Tuesday, August 10, 2021

Seeing Double (Indemnity)

The Best Picture Oscar for 1945 went to a sentimental 1944 confection called Going My Way, full of lovable priests, scrappy orphan kids, and Bing Crosby crooning “Swinging on a Star.” (I just learned Going My Way was largely filmed not far from me, in Santa Monica’s own venerable St. Monica’s Catholic Church.) The film won eight Oscars, including a Best Actor statuette for Crosby at his laid-back best. Ireland’s Barry Fitzgerald copped an Oscar too: remarkably he was nominated both in the Best Actor and Best Supporting Actor categories, prompting a key rule change.

 I suspect that in early 1945, with World War II finally drawing to a close, both critics and audiences (not to mention Academy voters) were eager to reward movies that always  looked on the bright side. In competition with Going My Way for its various Oscar honors were soppy tearjerkers (Since You Went Away) and some of Hollywood’s grandest, darkest takes on crime and punishment. This was the year of Gaslight, Laura, and a noir classic, Double Indemnity.
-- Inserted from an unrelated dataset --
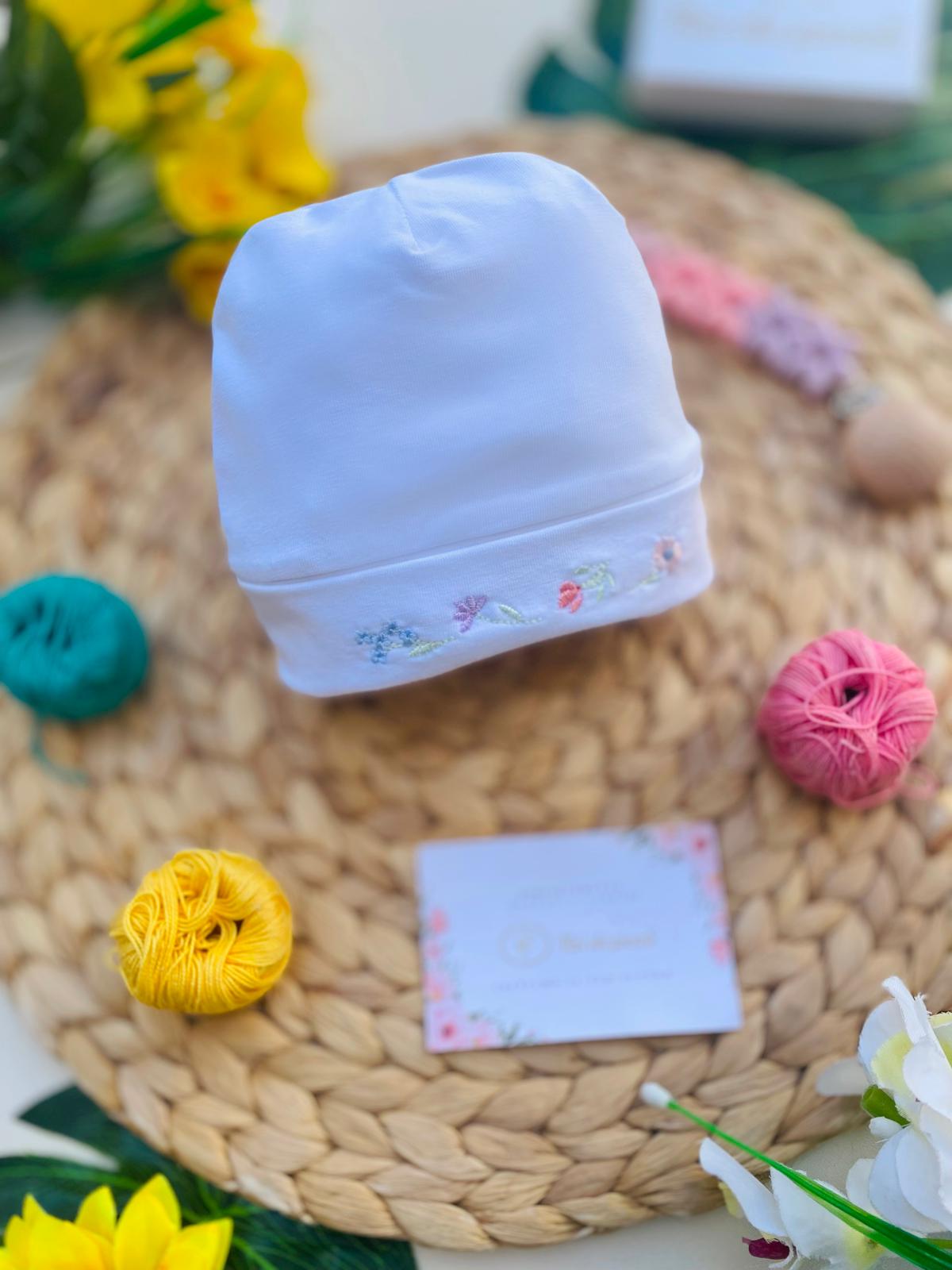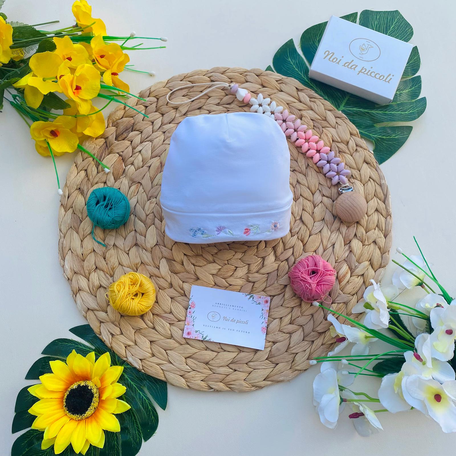 SET 3 PIECES WITH LITTLE FLOWERS AND POMPOMS Black

None of these, surely, was designed to cheer the war-weary, but they still appeal to all of us who like our entertainment with a frisson of danger.

 Double Indemnity was nominated for seven Oscars, but nabbed nary a one. It essentially launched Billy Wilder’s brilliant directing career: he was nominated for his direction of the film, and also for the screenplay on which he collaborated with none other than Raymond Chandler, adapting a novel by James M. Cain.  His leading lady, the dangerously sultry Barbara Stanwyck, was a Best Actress nominee for Double Indemnity, but lost as she had before and would again. The film’s two key males, Fred MacMurray and Edward G. Robinson, gave brilliant performances but were entirely overlooked by members of the Academy. In later years, MacMurray would find his greatest success in Disney comedies and as a fumbling father in My Three Sons. I would never have guessed, when watching him be avuncular in Son of Flubber, that he’d make such a memorable heel.

 Filmmakers used to love casting Stanwyck as a smart, conniving dame falling for an innocent, good-hearted guy. (See, for instance, her pairing with Gary Cooper in Wilder’s Ball of Fire.)  In Double Indemnity she’s still smart and conniving, but her leading man, MacMurray, is no innocent.  As insurance salesman Walter Neff, he’s clearly proud of his conquests, actuarial and otherwise. He’s making time with Stanwyck’s unhappy housewife from the get-go, and he’s quick to come up with a “double indemnity” scheme that will help all of her marital problems go away, while leaving the two of them rolling in dough. The trouble with Walter: he’s not as smart as he thinks he is. The plot goes off without a hitch . . . until it doesn’t. And I don’t feel required to add a spoiler alert, because – through the film’s classic use of voiceover narration -- we know from the start who did what to whom. There is, of course, a sly final wrinkle we probably didn’t see coming.

 Wilder’s touch can be found in the film’s crackling dialogue, and also in some effective directorial flourishes. My favorite involves the connection between MacMurray and Robinson as his crusty but tender-hearted boss. Throughout the film, MacMurray has been quick to strike a match, lighting Robinson’s ever-present stogie. Then, as all hope fades for our hero, it’s Robinson’s Barton Keyes who supplies the flame for the cigarette of his failed protégée. If only Neff had had his mentor’s clear-eyed vision . . . but then we’d be without this great film.